Whitehot Magazine
"The Best Art In The World"
George Legrady, Saudi TV (1987), Fuji jetgraphix, ink jet works on paper
By JOSEPH NECHVATAL February 7, 2025
I see him as a spiritual grandson of the great Hungarian art-and-technology artist László Moholy-Nagy and as the son of the Experiments in Art and Technology collective. Born in Hungary, photographer turned digital artist George Legrady has often mentioned his interest in the visual semiotic writings of Roland Barthes. In RCM Galerie’s show Scratching the Surface, I was able to see the early work from the mid-1980s that bares that interest out: Fuji jetgraphix inkjet prints from his legendary series Noise-Signal (1986-1990). That work was part Legrady’s post-modern task to explore the relationship of language to iconic representation within the context of television broadcasting just as it enters the digital revolution. Indeed, Legrady titled his first exhibition of Truevision Targa 168 prints From Noise to Signal.

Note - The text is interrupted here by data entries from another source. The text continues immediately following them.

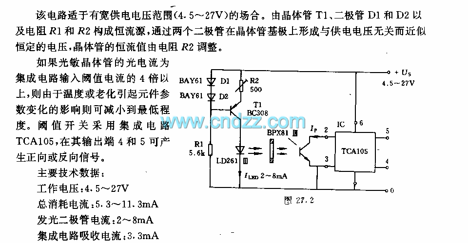 The circuit can be used in situations of wide power supply voltage range 4.5~27V. The constant source of transistor T1, diodeS D1 and D2, resistors R1 and R2 and so on. A voltage which is irrelevant to the power supply but has almost constant voltage is generated on the basic pole of 2 diodes, the constant current is regulated by the resistor R2. If the current of the light sensitive transistor is more than 4 times of the threshold, the effect on the elements caused by the temperature or aging can be minimized.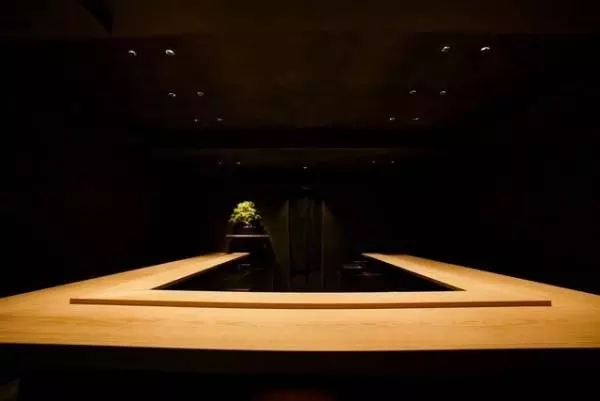 店内はカウンターのみの16席。やや暗めの照明と大きなカウンター、和モダンな雰囲気の店内は非日常感を演出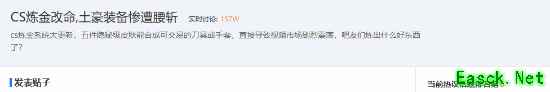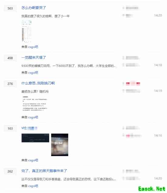 由于系统大改后致使刀具与手套更易获得,导致很多玩家已拥有刀具与手套的价格崩盘,例如蝴蝶刀和运动手套等。截至发稿前,“CS炼金改命,土豪装备惨遭腰斩”词条登上了贴吧热议榜,引发众多玩家热议,很多玩家晒出自己的盈亏图进行了吐槽。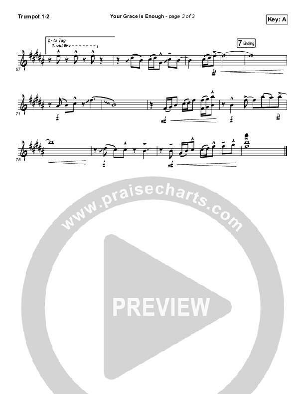 Download the trumpet sheet music for Your Grace Is Enough by Chris Tomlin, from the album Arriving. This song was arranged by John Wasson in the key of A, Ab, F, G.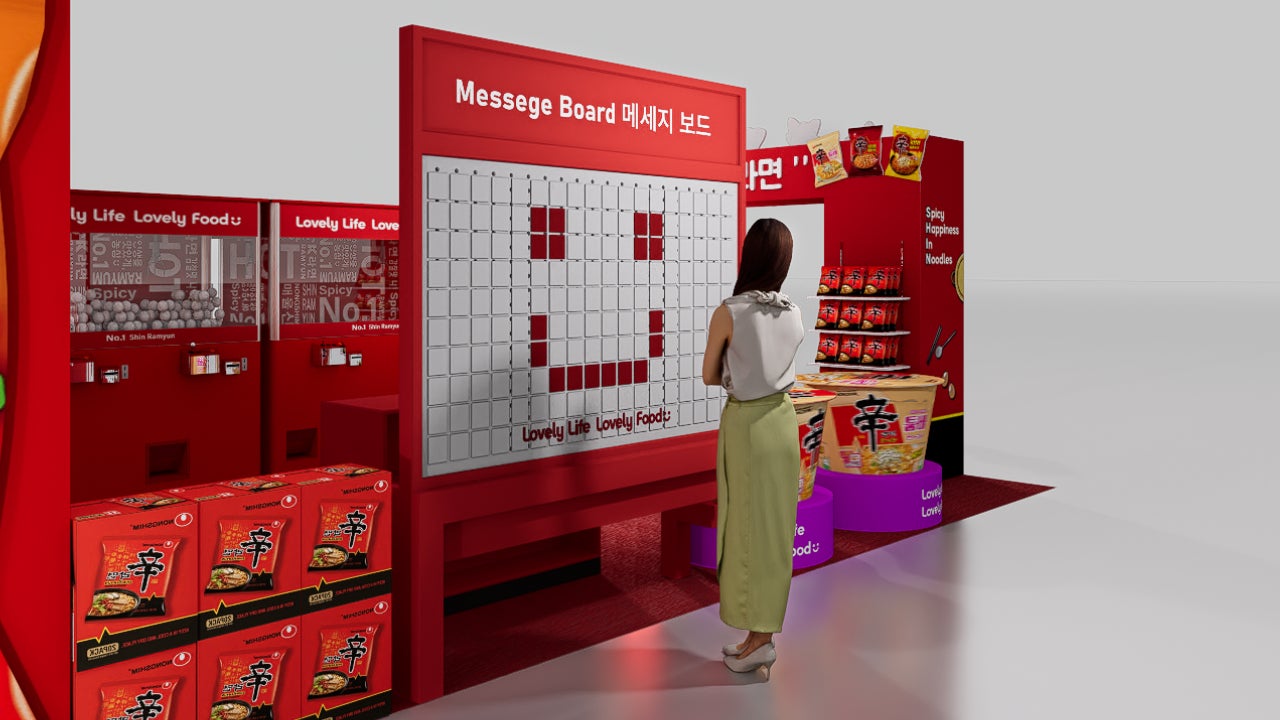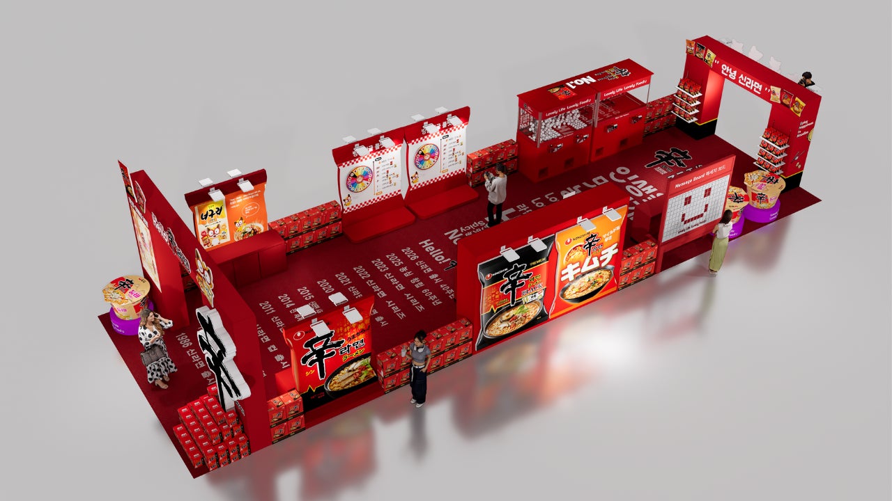 その名の通り、辛ラーメン感満載の真っ赤なブースデザインで、会場内では診断結果に応じて“マイ・ベスト・トッピングス・アイテム”がもらえる「辛ラーメンオリジナルMBTI(My Best Toppings Item)診断」や、気になる農心製品をGETできる「UFOキャッチャー」や「ルーレット」、「韓国語スピーキング体験」「ノグリ似顔絵体験」など、様々なゲームを無料でおたのしみいただけます。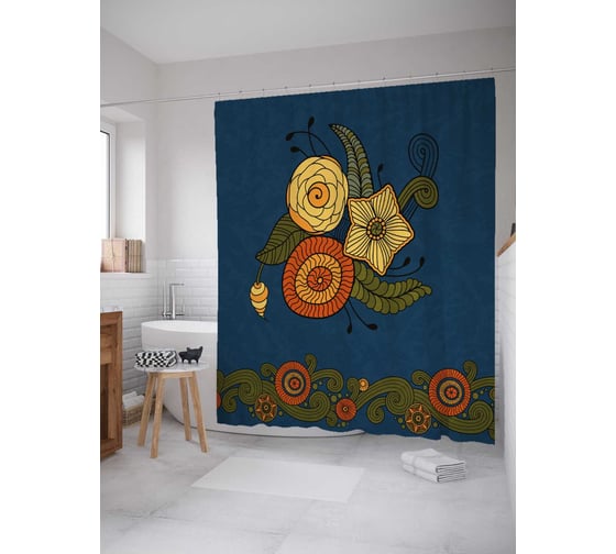 Сопутствующие товары для шторки-занавески JOYARTY Букет дудл из сатена, 180х200 см с крючками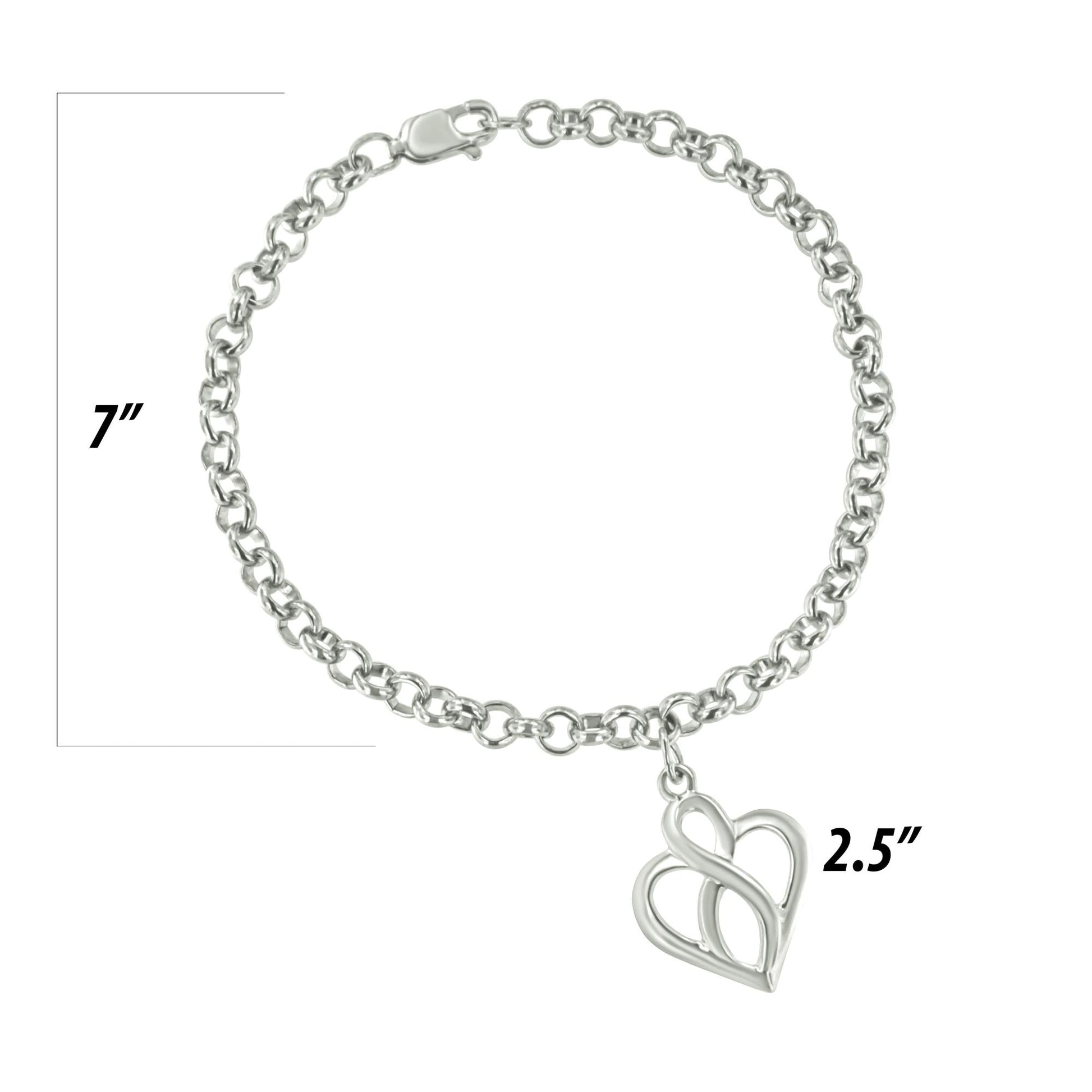 .925 Sterling Silver Open Heart with Center Vertical Infinity Chain Charm Bracelet - Size 7"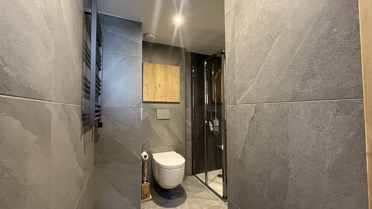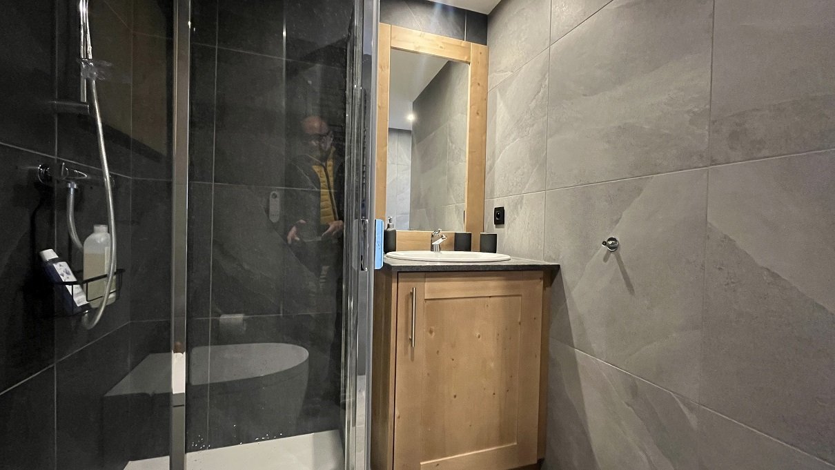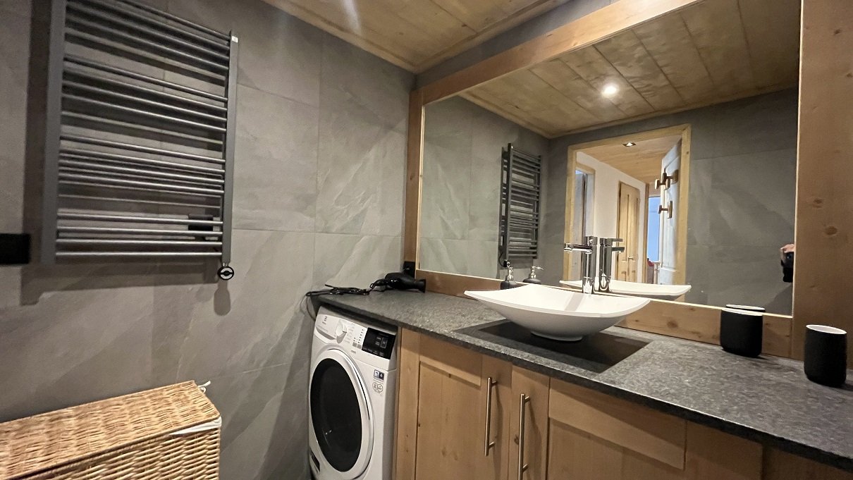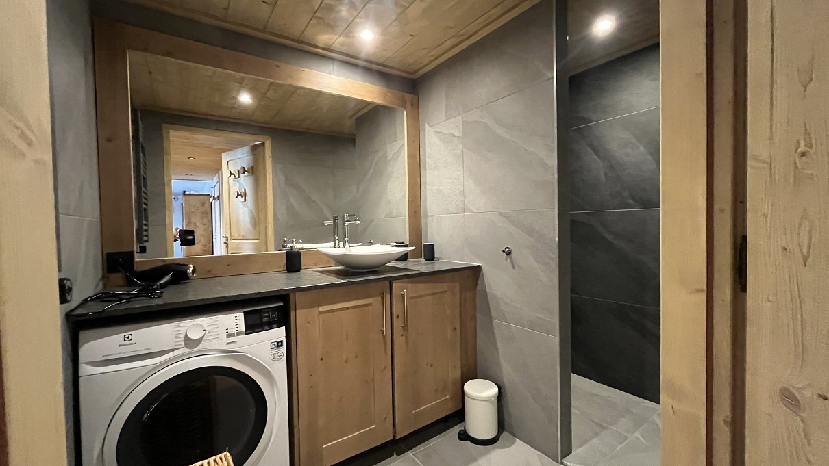 - Une salle de bains avec une douche, équipée d'un lave-linge/sèche-linge, et WC séparés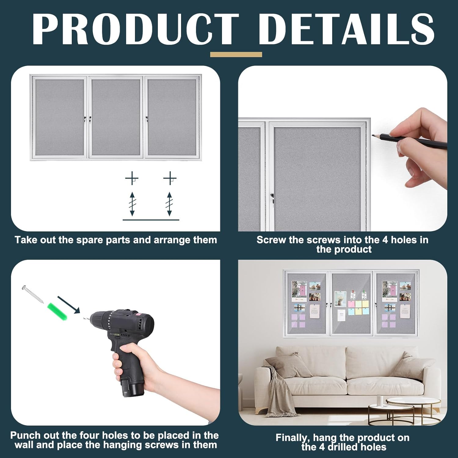 Features: Safe and relivable: Our cork enclosed display case feature lockable, transparent doors to keep notices safe from vandalism or tampering while still providing a good display of information. Wide Application: The cork display cabinets are suitable for schools, schools, offices, bars, kitchens, communities, and other public places, and can be applied for many purposes, such as posting notices and displaying artworks or photos, displaying public information. Specifications: Material: wood, anodized aluminum Color: multicolor Size: about 72 x 36 inches/ 183 x 91.4 cm (LH) Package includes: 1 x Enclosed bulletin board 3 x Locks 6 x Keys Notes: Manual measurement, please allow slight errors on size. The color may exist a slight difference due to different screen displays.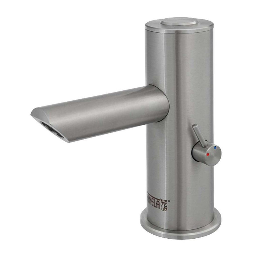Nerezová umyvadlová baterie Piezo úsporný perlátor, průtok 6 l/min hygienický proplach antivandalové provedení bezolovnatá technologie celonerezové provedení pro přívod teplé a studené vody, nastavení teploty páčkou reaguje na mírné stlačení piezo tlačítka okamžitým spuštěním vody k vypnutí vody dojde po uplynutí nastavené doby, v rozsahu 2-62 s (standardně 10 s) síťové napájení opakovaným stlačením piezo tlačítka dojde k vypnutí vody nastavení parametrů pomocí dálkového ovladače SLD 04 Technické údaje délka výtoku: 105 mm comfort zone 98 mm výška: 157 mm napájecí napětí: 24 V DC příkon: 3 W doporučený pracovní tlak 0,1-0,6 MPa vstup vody vnější závit G 1/2 Obsah dodávky výtokové ramínko s regulací teploty a piezo elektronikou a elektromagnetickým ventilem propojovací hadice, rohový ventil s filtrem a zpětnou klapkou (2 ks) napájecí zdroj a dálkové ovládání SLD 04 není součástí balení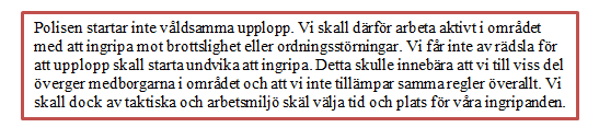 UPPDATERING: Blåljus har nu från flera håll hört om polisens defensiva taktik i samband med händelsen ovan. Samtidigt är det som sagt, en balansgång. Så här formuleras det i Beslut i Stort i samband med Social oro i Sveriges kanske mest utsatta förorter, i Järva.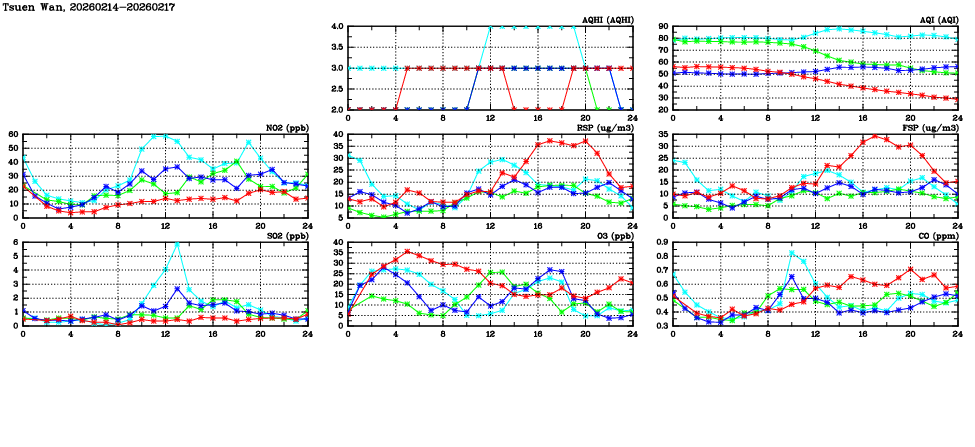 | Air Quality Data Time Series in Tsuen Wan (2026/02/17) | ( Line colors: Day -3 Day -2 Day -1 Current day ) | 2D Map Current AQHI |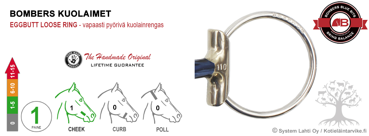 CHEEKPIECE - Eggbutt Loose Ring - The Eggbutt Loose Ring prevents pinching of the lips and gives a more solid feel against the side of the face. It also prevents the bit being pulled through the mouth. The Loose Ring allows quick release and no poll pressure. A fixed cheek piece is designed to sit closely to the horses lips, it encourages flexion. The cheekpiece ring size is about Ø67mm for bit width 90-115mm and about Ø78mm for bit width 120-160mm.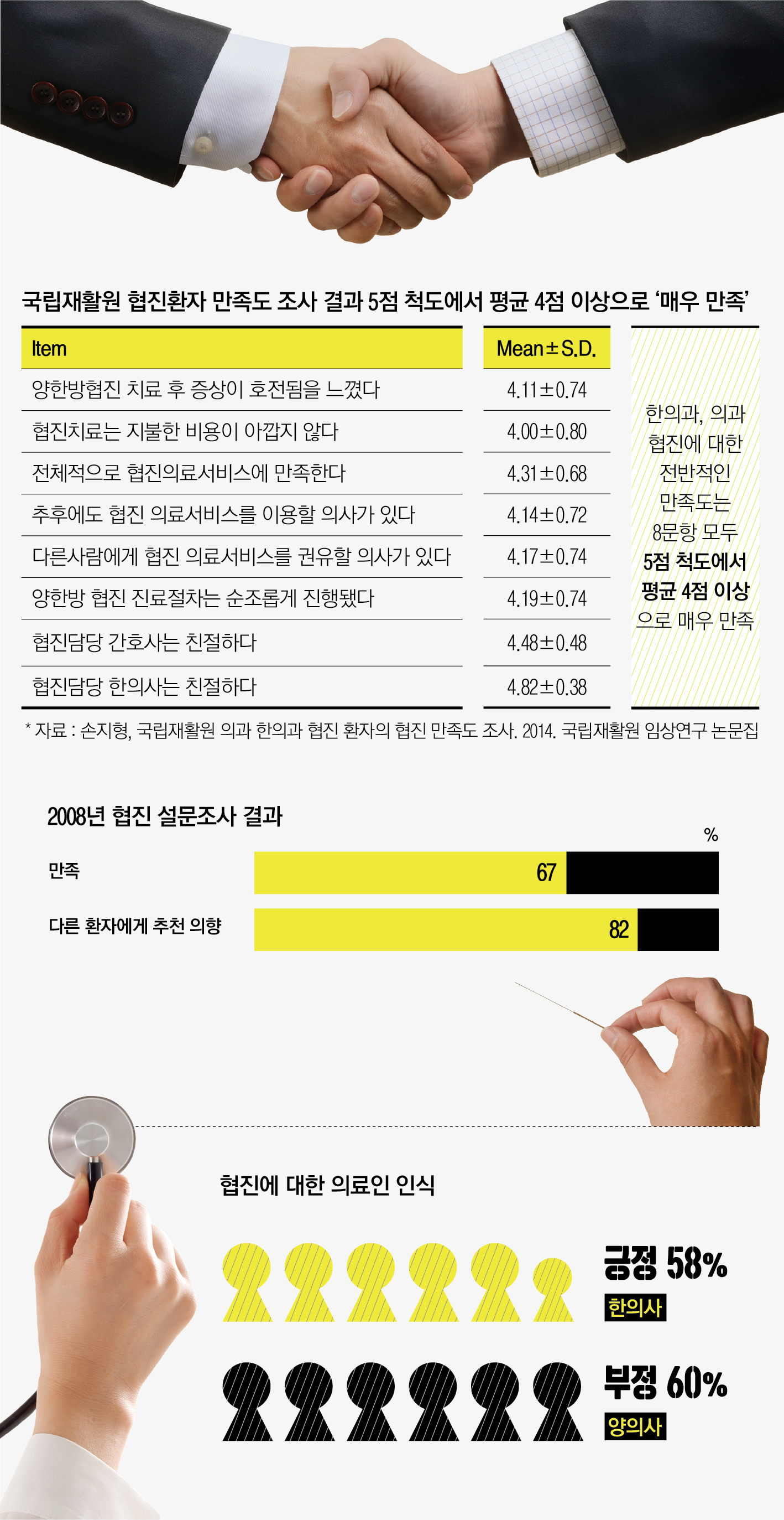 ‘국립재활원 의과, 한의과 협진 환자의 협진 만족도 조사’(2014년, 국립재활원 임상연구 논문집)에서도 한의과, 의과 협진 병원에 대해 87.2%가 계속 이용할 의사가 있다고 밝혔으며 협진에 대한 전반적 만족도는 5점 척도에서 평균 4점 이상으로 매우 만족스러워 했다.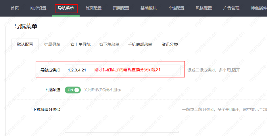 4,如果需要在首页导航显示我们的“电视直播”分类的话,我们需要来到模板后台填写我们新添加的分类id。注意:是模板后台不是苹果系统后台。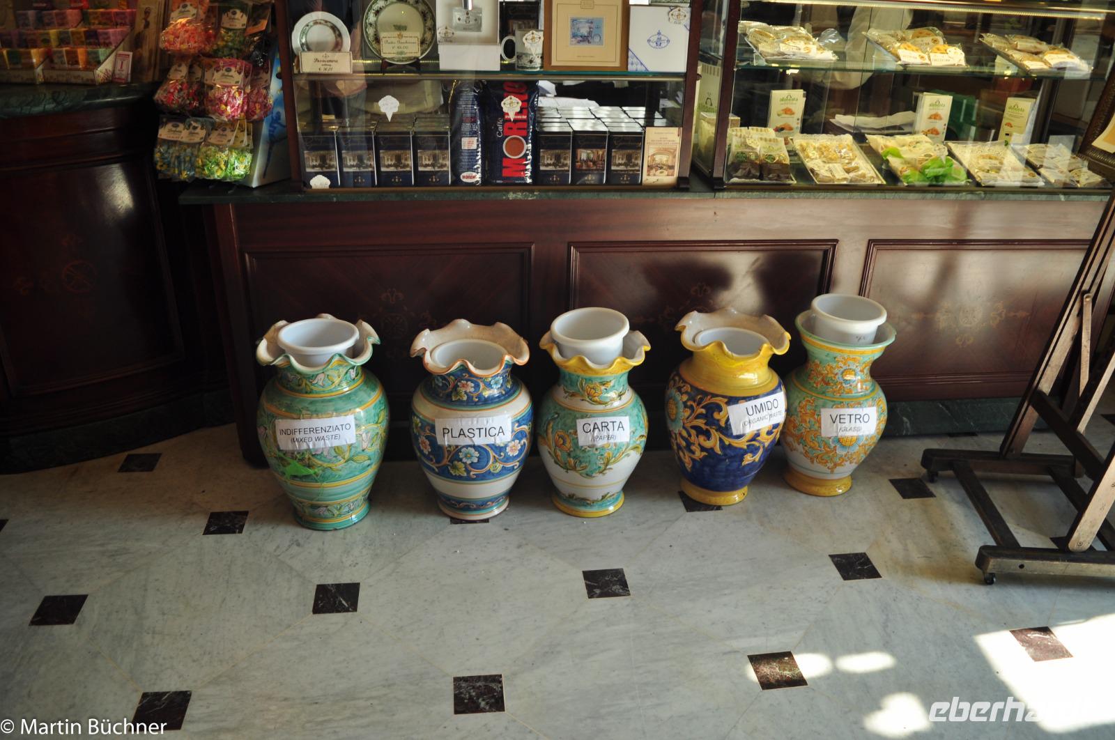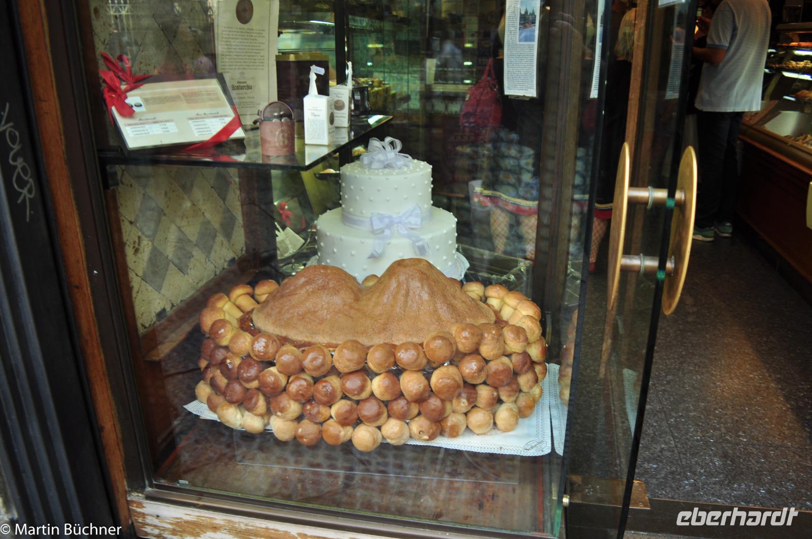 Wir erfahren, dass Pizza unbedingt Finger Food ist. Eine traditionelle Pizza wird geviertelt, dann jeweils in der Mitte zusammengeklappt und mit der Hand gegessen. Unser Guide Giovanni sagt, selbst die nobelsten Touristen der Welt werden ihm als waschechten Bewohner der Region niemals dazu bringen eine Pizza mit Besteck zu essen, er isst eine Pizza so, wie er es von seiner Oma gelernt hat! ??

A Research Grant and an IBM Project Socrates Grant in 1986 provided Legrady an early, affordable digital graphic imaging system called Targa—by which his screen captured images could be digitized and reworked through computer code. In the mid-80s Legrady printed fifty-seven of these Targa pieces at the Jetgraphix studio, which used a then new Fuji inkjet technology to print on archival paper from a Targa digital file, but that technology was short lived.
George Legrady Studio with Targa System, Los Angeles in 1988
The exhibition also encompasses some new work: Legrady’s more recent work with data visualization—tapestries woven from images made with AI technology—but the title of the show comes from the digital print Beneath the Surface, Scratching the Surface that was made in 1988.
In the eighties, Legrady’s interest turned to computers and computer-generated and digitally altered images. With respect to how photography and television began to move into information technology, the body of early work in Scratching the Surface connects Legrady thematically with that of Matthias Groebel, as I saw in his 2023 exhibition A Change in Weather (Broadcast Material 1989-2001) at the Kunstverein für die Rheinlande und Westfalen in Düsseldorf. Both artists are now unmissable when major issues are debated in discussions of electronic media and painting within the art world. Art historian Patrick Frank, has devoted an entire chapter on Legrady within his recent art history book Art of the 1980s: As If the Digital Mattered in which he states that Legrady’s are the first born-digital photographs to be printed and exhibited as works of art. One of Legrady’s inkjet prints—Koppel (1986)—from the series Authority of the News—graces the cover.
Following Legrady’s photographic series Catalogue of Found Objects (1976) and Floating Objects (1980)—in which he strove to decontextualize found objects—like Groebel, Legrady began creating art works by Duchampian appropriation: taking screenshots from live television feeds. In Legrady’s case, news feeds. Thus Legrady appears in his early work to be straddling the Pictures Generation approach to art and their interest in representational imagery, mass media, simulacrum, quotation, excerption, framing, and staging and the algorithmic work of the digital art pioneers, like dancer Deborah Hay’s Nude Portrait by Kenneth Knowlton and Leon Harmon, Studies in Perception #1 (1966).
Kenneth Knowlton and Leon Harmon, Studies in Perception #1 (Deborah Hay Nude Portrait) (1966)
Indeed, Legrady learned computer programming in the art studio of the painter Harold Cohen in 1981, but had to wait until 1986 to gain access to hardware technology that allowed for the capturing, digitizing and transforming multiple tone-scaled digital images.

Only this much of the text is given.